WHAT TO PRODUCE: When you copy from the entries that follow, take only the lines from the one with "Условия погоды в" down to the one with "安全靴 ハイカット ミズノ", keeping both ends and dropping every picture.

*** Opening SOURCE RECORDS ***

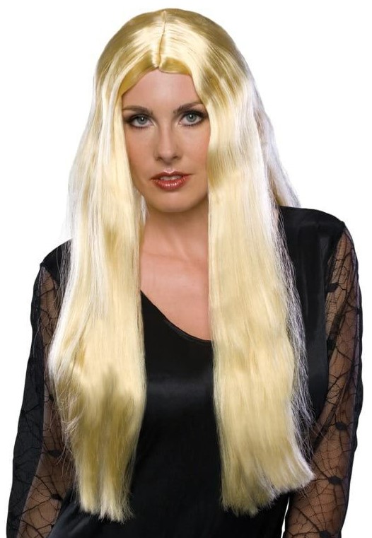 Transform your look with our Deluxe Quality Long Blonde Witch Wig 24". This adult size wig is made from polyester material and is washable. Wig Caps are suggested to use for ease of wear and hair care and can be purchased separately on our website for all your costume needs.
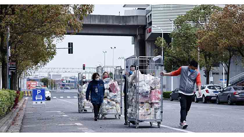 4月1日,盒馬鮮生門店工作人員將社區居民的團購物品送至小區指定擺放區域。當前,上海在落實疫情防控各項措施的前提下,積極協調保供企業拓寬採購渠道,開展批零對接、產銷對接,增加採購量,確保市民生活物資供應。 中新社
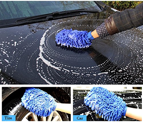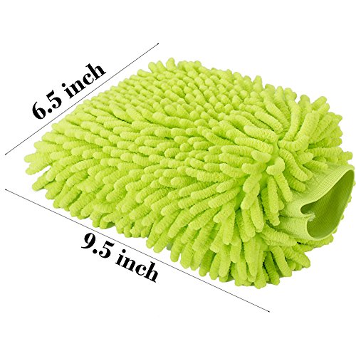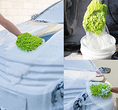 - ❤ High Quality Material: Premium car wash mitts have high density double side microfiber / chenille. Extra plush, absorbent, and ultra soft. Thicken plastic between microfiber and textile lining, give you powerful waterproof ability.
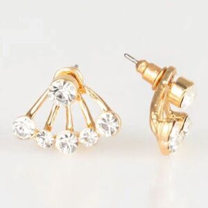 A dazzling pair of Paparazzi Earrings in Gold, the Jeweled Jubilee design features a solitaire white rhinestone attached to a double-sided post for a unique look. Adorned with glassy white rhinestones, these earrings radiate elegance with an edgy twist. Perfect for any occasion, these earrings attach to a standard post fitting.
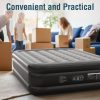 - Excellent Sleeping Experience: The top of 18 inch Air Mattress Queen is made of high quality flocked fabric, which is waterproof, odor-resistant and easy to clean. Sleeping on this Queen Size Inflatable Bed will not only provide you with a skin-friendly soft feeling, but also like mother giving you a kind hug.
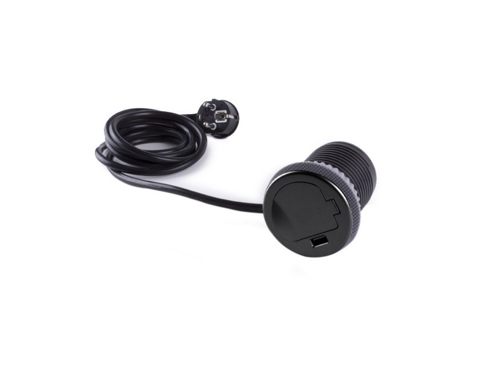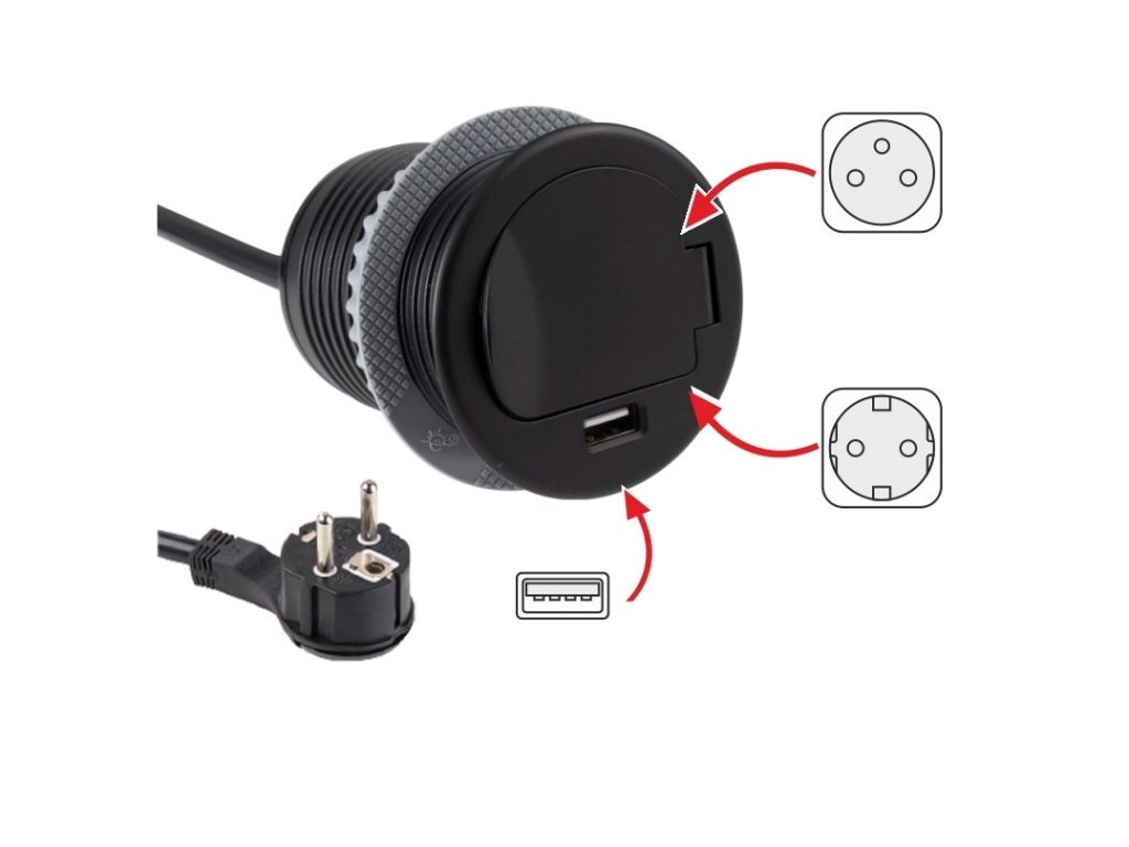 Zásuvka s jednoduchým designem a funkčnosti. Vestavná montáž do pracovního stolu nebo nábytku. Zásuvka 230V je skryta pod krytkou a nabíjecí port USB je stále přístupný.
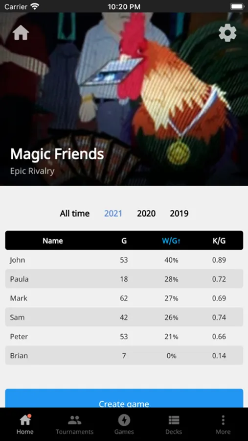 - Create a guild for you and your friends to track ad hoc games. Guilds provide ranking of its members and a summary of all games played within the guild.
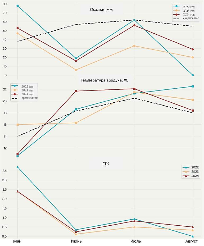 Условия погоды в период вегетации ярового ячменя за 2022–2024 годы демонстрировали значительные отклонения от многолетних норм, что оказало прямое влияние на формирование урожая выращиваемой культуры (рис. 1). Анализ осадков выявил выраженную нестабильность их распределения. В 2022 году майские осадки (78 мм) значительно превысили многолетний уровень (38 мм), создавая переувлажнение, тогда как июнь (19 мм против 57 мм) и август (0 мм против 55 мм) оказались экстремально засушливыми. В 2023 году дефицит осадков усилился: в июне выпало лишь 6 мм при норме 57 мм, а июль и август также остались ниже средних значений. В 2024 году ситуация немного улучшилась, но июнь (16 мм) и август (29 мм) сохранили засушливый характер, что критично для фазы налива зерна. Сочетание высоких температур с дефицитом осадков усиливает испарение, создавая гидротермический дисбаланс. Гидротермический коэффициент (ГТК) отражает эту динамику: в засушливые месяцы (июнь 2022 - 0,35; июнь 2023 - 0,12) значения ГТК опускались до критически низких уровней, указывая на острый дефицит влаги. Даже в относительно благополучные периоды, такие как июль 2022 года (ГТК 0,93), коэффициент оставался близким к нижней границе оптимального диапазона.
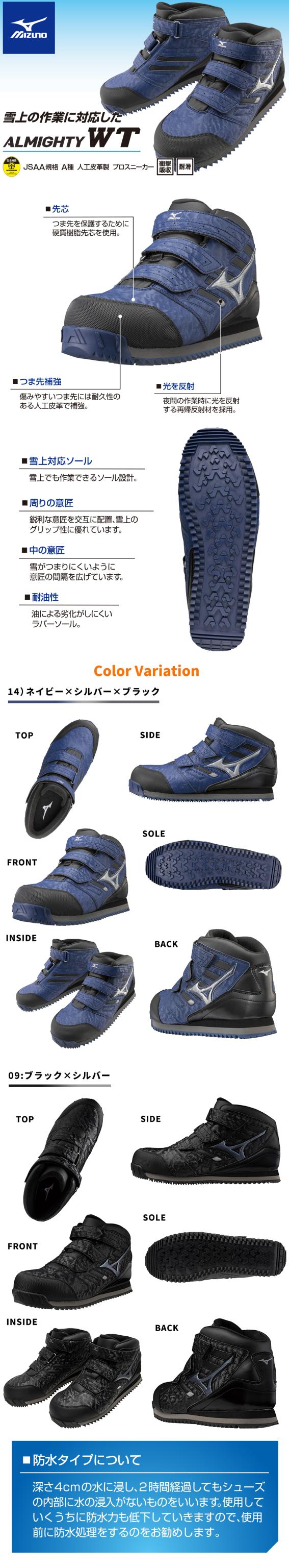 安全靴 ハイカット ミズノ MIZUNO オールマイティ 雪上防水シューズ メンズ ALMIGHTY WT F1GA180414 マジックテープ ミッドカット JSAA規格 2023年 新作 限定 防水 寒冷 寒冷地仕様 耐滑 軽量 雪上 雪上対応 人工皮
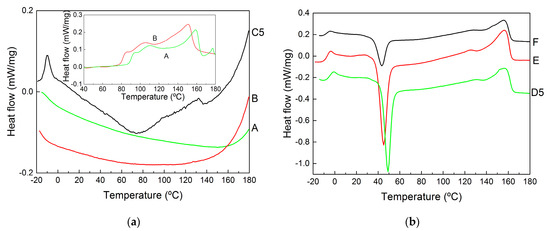 The thermal properties measured with DSC are illustrated in Figure 6, which displays representative second heating curves. These curves present all thermal transitions reported for PHBV copolymers (see [45,48] and references therein), and the corresponding temperatures are reported in Table 2 for all samples. Starting from the lower temperatures, the glass transition ranged between Tg = −14 °C and Tg = −7 °C, the crystallization from the amorphous phase formed during the quenching of the melt was observed for all samples except the pellets at temperatures between Tc = 43 °C and Tc = 80 °C and the melting of the HV and HB crystals (2 distinct peaks) was seen at temperatures ranging from Tm = 100 °C to Tm = 157 °C.
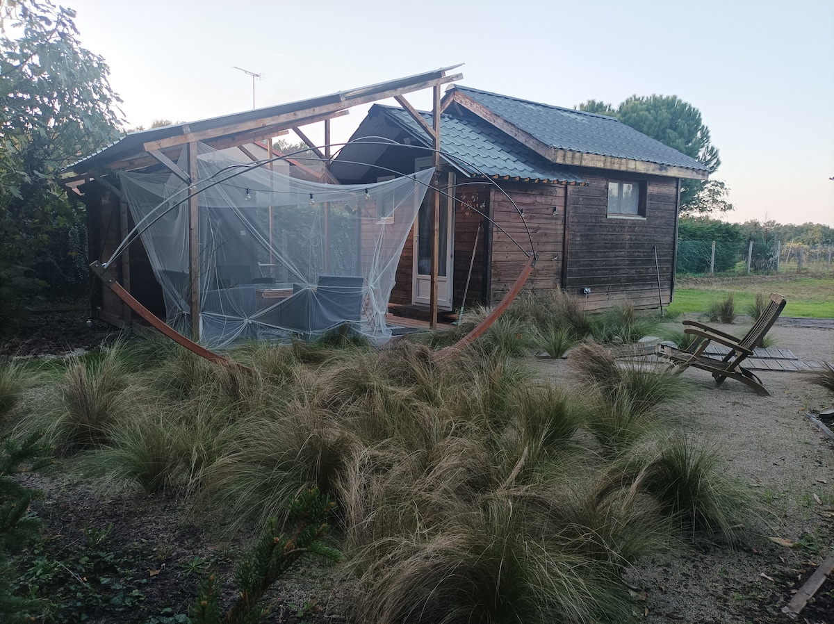 Petite maisonnée de 6m2 avec terrasse couverte et grand filet de détente suspendu, perchée au milieu des arbres dans un cadre calme. Première présence humaine (nous !) à 200m : vous serez bien seul au milieu des bois. L’accès à pied pendant 300m comporte une partie à forte pente. Café et thé sont à disposition. Nous proposons des repas maison. Linge de lit fourni, linge de toilette non fourni. Communication via Airbnb, car le téléphone ne capte pas bien chez nous (dans la cabane c’est bon).

*** Closing SOURCE RECORDS ***

TASK SOLUTION:
 Условия погоды в период вегетации ярового ячменя за 2022–2024 годы демонстрировали значительные отклонения от многолетних норм, что оказало прямое влияние на формирование урожая выращиваемой культуры (рис. 1). Анализ осадков выявил выраженную нестабильность их распределения. В 2022 году майские осадки (78 мм) значительно превысили многолетний уровень (38 мм), создавая переувлажнение, тогда как июнь (19 мм против 57 мм) и август (0 мм против 55 мм) оказались экстремально засушливыми. В 2023 году дефицит осадков усилился: в июне выпало лишь 6 мм при норме 57 мм, а июль и август также остались ниже средних значений. В 2024 году ситуация немного улучшилась, но июнь (16 мм) и август (29 мм) сохранили засушливый характер, что критично для фазы налива зерна. Сочетание высоких температур с дефицитом осадков усиливает испарение, создавая гидротермический дисбаланс. Гидротермический коэффициент (ГТК) отражает эту динамику: в засушливые месяцы (июнь 2022 - 0,35; июнь 2023 - 0,12) значения ГТК опускались до критически низких уровней, указывая на острый дефицит влаги. Даже в относительно благополучные периоды, такие как июль 2022 года (ГТК 0,93), коэффициент оставался близким к нижней границе оптимального диапазона.
 安全靴 ハイカット ミズノ MIZUNO オールマイティ 雪上防水シューズ メンズ ALMIGHTY WT F1GA180414 マジックテープ ミッドカット JSAA規格 2023年 新作 限定 防水 寒冷 寒冷地仕様 耐滑 軽量 雪上 雪上対応 人工皮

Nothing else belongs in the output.